Will you output all of the data below exactly, omitting the images?

Information provided:
##########

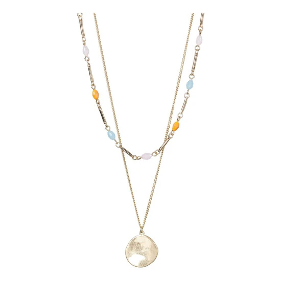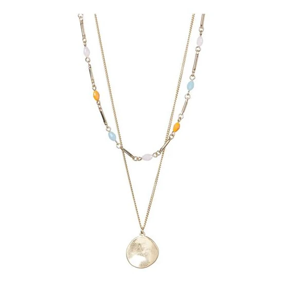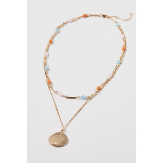 In a double row design, this gold toned necklace features a chunky beaded chain against a dainty curb chain, anchored by a matte disc charm.
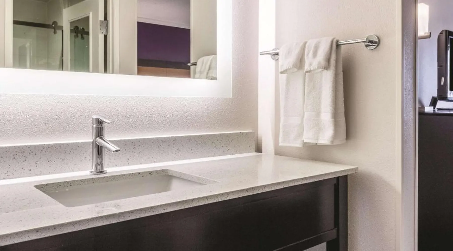 Offering free Wi-Fi and a flat-screen TV in every room, this renovated Ohio hotel is 3 miles from Cleveland-Hopkins International Airport. A complimentary breakfast with sausage and scrambled eggs each morning. Freshly prepared oatmeal is provided as well. A hairdryer and ironing facilities are offered in all rooms at La Quinta Inn & Suites Cleveland – Airport North. Tea and coffee-making facilities are also included in each room. All rooms offer a microwave, refrigerator, and a seating area. A fitness center and laundry facilities are featured on site at La Quinta Inn & Suites Cleveland – Airport North for guest convenience. A transport service to the airport and park and fly options are available for a fee. Just off Interstate 71, this hotel is 10 minutes’ drive from the NASA Glenn Research Center. The Rock and Roll Hall of Fame and Cleveland city center are 12 miles away. This suite features a sofa, seating area and air conditioning. Offering free Wi-Fi and a flat-screen TV, this room is equipped with tea and coffee-making facilities.
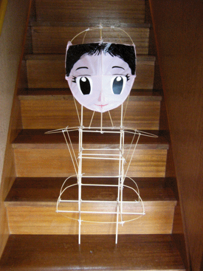 (3)骨組みの製作 設計図に合わせて、なるべく軽い材料を選定し加工します。 左の写真は、人魚の胴体部分に顔を取り付けた状態です。 頭は、風の抵抗が少なくなるように風通しの良い形状にしています。 (4)ビニール貼り 凧の主翼は、人魚の髪の部分ですので、左右対称に正確になるよう細心の注意を払いながら透明のビニールを貼り付けます。次に、白いビニールを胴体に貼り、最後に設計図に合わせて裁断した尾びれの白いビニール(筒状に加工し、表面には銀色に輝くホログラム紙をうろこ状に貼り付けたもの)と腕になるピンクの筒状ビニールを取り付けます。 (5)完成 下の写真は、完成した凧の写真です。 身長は、およそ2mです。 |

##########

Written reply:
 In a double row design, this gold toned necklace features a chunky beaded chain against a dainty curb chain, anchored by a matte disc charm.
 Offering free Wi-Fi and a flat-screen TV in every room, this renovated Ohio hotel is 3 miles from Cleveland-Hopkins International Airport. A complimentary breakfast with sausage and scrambled eggs each morning. Freshly prepared oatmeal is provided as well. A hairdryer and ironing facilities are offered in all rooms at La Quinta Inn & Suites Cleveland – Airport North. Tea and coffee-making facilities are also included in each room. All rooms offer a microwave, refrigerator, and a seating area. A fitness center and laundry facilities are featured on site at La Quinta Inn & Suites Cleveland – Airport North for guest convenience. A transport service to the airport and park and fly options are available for a fee. Just off Interstate 71, this hotel is 10 minutes’ drive from the NASA Glenn Research Center. The Rock and Roll Hall of Fame and Cleveland city center are 12 miles away. This suite features a sofa, seating area and air conditioning. Offering free Wi-Fi and a flat-screen TV, this room is equipped with tea and coffee-making facilities.
 (3)骨組みの製作 設計図に合わせて、なるべく軽い材料を選定し加工します。 左の写真は、人魚の胴体部分に顔を取り付けた状態です。 頭は、風の抵抗が少なくなるように風通しの良い形状にしています。 (4)ビニール貼り 凧の主翼は、人魚の髪の部分ですので、左右対称に正確になるよう細心の注意を払いながら透明のビニールを貼り付けます。次に、白いビニールを胴体に貼り、最後に設計図に合わせて裁断した尾びれの白いビニール(筒状に加工し、表面には銀色に輝くホログラム紙をうろこ状に貼り付けたもの)と腕になるピンクの筒状ビニールを取り付けます。 (5)完成 下の写真は、完成した凧の写真です。 身長は、およそ2mです。 |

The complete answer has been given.